YOLOv5 architecture is made up of the backbone, the neck (PANet), and the head (output). Unlike other detection models, YOLOv5 uses cross-stage partial network (CSP)-Darknet-53 as its backbone, PANET as its neck, and a yolo layer as its head. CSP-Darknet is a better version of Darknet-53, which was the backbone of YOLOv3 with higher accuracy and processing speed [40]. The architecture of the backbone and 6 × 6 convolution 2d structure improves model’s efficiency [41], making the feature extractor perform better and faster than other object detection models including the previous versions [42]. Compared to the previous versions, it has a higher speed, higher precision, and a smaller volume. YOLOv5’s backbone enhances both the accuracy and speed of the model, performing twice as fast as ResNet152 [36]. Utilizing multiple pooling and convolution, YOLOv5 forms image features at different levels using CSP and spatial pyramid pooling (SPP) to extract different-sized features from input images [43]. The architecture has a significant advantage in the area of computational complexity: on the one hand, the BottleneckCSP architecture reduces complexity and improves speed in the inference process; on the other hand, SPP allows for the extraction of features from images in different parts of the input image, creating three-scale feature maps which improve detection quality. Moreover, the neural network neck is a series of layers that are zones between the input and output layers, which is made up of feature pyramid network (FPN) and path aggregation network (PAN) structures, the task of which is to integrate and synthesize image features in various proportions before transferring it to the prediction. FPN enables semantic features of high level to be passed to the lower feature maps, and PAN enables localization features of high accuracy to be passed to the higher feature maps, finally moving into the detection phase where targets of different sizes in feature maps are generated in the output head [43]. Figure 4 shows the network architecture of YOLOv5, illustrating the three-scale detection process. This process involves applying a 1 × 1 detection kernel on feature maps situated at three distinct areas and sizes within the network.
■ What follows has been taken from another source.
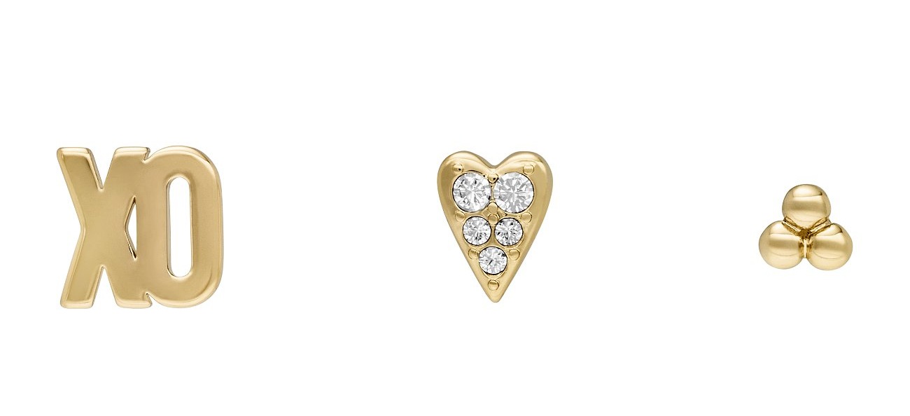 Fossil Pozlátený set kôstkových náušníc All Stacked Up JA7277SET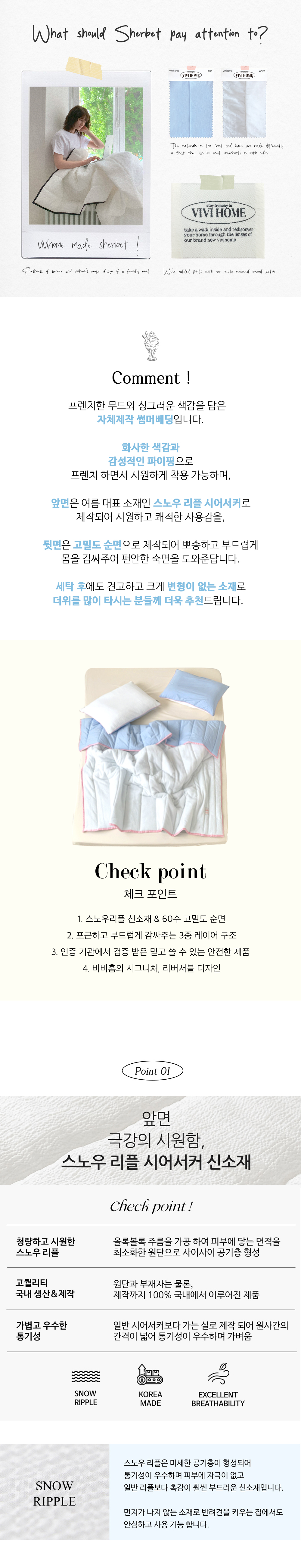 [뉴컬러] 셔벗 스노우리플 시어서커 고밀도 순면 차렵이불 (5color)

4.5. Turning Lane Detector

The object detection model’s adjustable parameters and hyperparameters encompass various factors such as the learning rate, input image dimensions, number of epochs, batch size, anchor box dimensions, and ratios, as well as the percentages of training and testing data. Visualization of the machine learning model’s evaluation metrics was presented through graphs depicting precision–recall, validation and training loss, F1 confidence curve, precision confidence, and confusion matrix. Validation loss and mean average precision were computed on the validation dataset, which constituted 10% of the input dataset. Key parameters influencing object detection performance include the batch size, learning rate, and training epoch. The learning rate dictates the rate at which the model acquires new insights from training data, striking a balance between precision and convergence speed. Optimal learning rates of 3.0 × 10⁻⁴ were used to train the model. Batch size refers to the number of training samples processed per iteration, with larger sizes facilitating parallel processing for faster training, albeit requiring more memory. In contrast, smaller batch sizes enhance model performance on new data by increasing randomness during training. Given the multi-class nature and high data complexity of the developed model, a batch size of 64 was adopted to enhance performance. Also, the anchor box represents the size, shape, and location of the object being detected. Four sizes of initial detection anchor boxes were used to train the model. The epoch number denotes the iterations the model undergoes during training, representing the number of times the training dataset is processed through the neural network. The model was trained using 100 epochs. In this study, 80% of the input data were utilized for model training, selected randomly to ensure representativeness. A 20% (10% validation and 10% test) split of the input dataset was used for validation during training and testing after training to measure the model’s performance. This test set derived from the input dataset was used to compute the evaluation metrics such as accuracy, precision, recall, and F1 score after model training. In other words, part of 2207 image chips was used to tune the model’s hyperparameters during the training process and part of the image chips was used to assess the model’s accuracy after the training process.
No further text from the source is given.